Problems and expediencies in human 31P spectroscopy. The definition of localized volumes, dealing with saturation and the technique-dependence of quantification.

Several technological problems in in vivo localized spectroscopy of metabolism are discussed in the context of comparing data obtained by different means. Deficiencies in spectroscopy localization methods can produce spectra that are dominated by artefactual signals derived from outside of selected volumes. Such artefacts are not usually correctly accounted for by representations of the profiles of the transverse magnetization alone. Selected sensitive volumes should be defined in terms of the size of tissue contributing the major fraction of signal to an observed spectrum, which is the integrated response from the sample including any phase cancellation effects.
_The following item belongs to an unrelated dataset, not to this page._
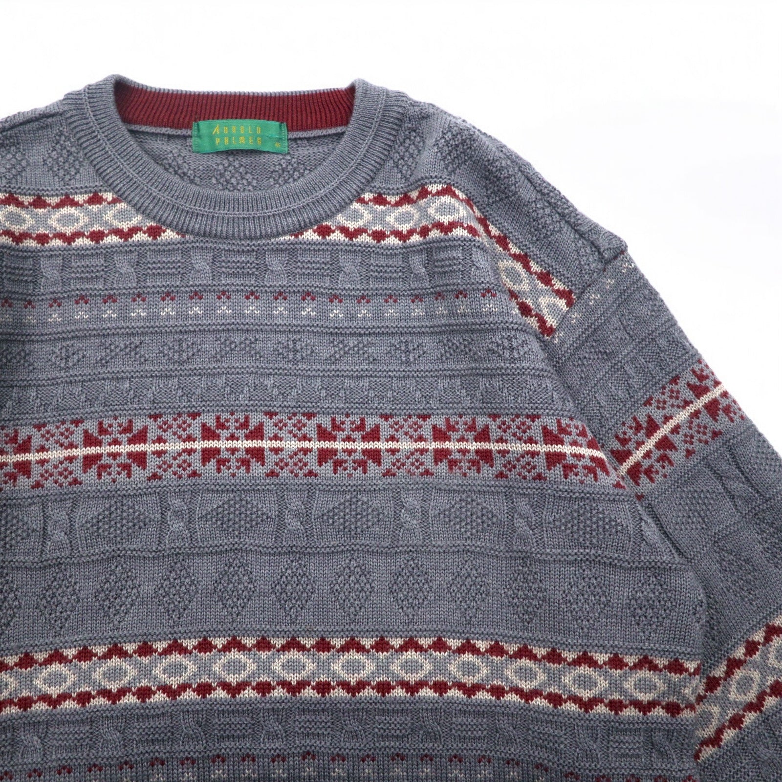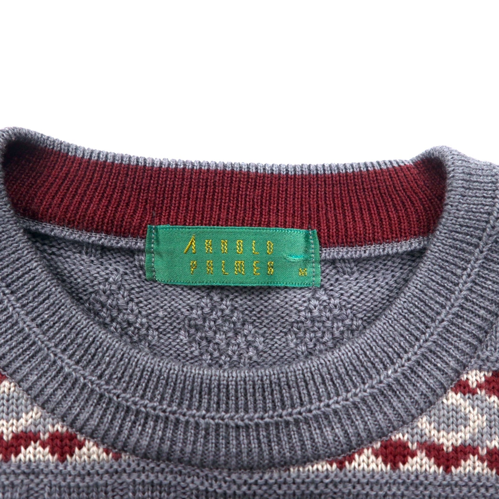 ARNOLD PALMER 90年代 ジャガード ニット ノルディック セーター M グレー ボーダー 総柄 日本製

Phase cancellation in one-dimensional localization techniques employing excitation by an RF field with uniform phase distribution and surface coil detection such as depth resolved surface coil spectroscopy, chemical shift imaging (CSI) and rotating frame zeugmatography (RFZ) can significantly alter the effective radius of the sensitive volumes depending on the sample distribution and the extent of the homogeneous region of the magnet. Also, discrete spatial sampling in RFZ and CSI can radiate signal artefacts of around 25% into adjacent elements depending on the location and distribution of signal sources. Acquisition delays between excitation and detection and partial saturation are other major sources of systematic error. Saturation factors for metabolites are not easily obtainable on localized volumes during clinical exams on an individual basis, but may be expediently obtained as larger-volume tissue-averages. Better documentation of saturation effects, acquisition delays and localized volume sizes is needed to compare and validate clinical results and performance.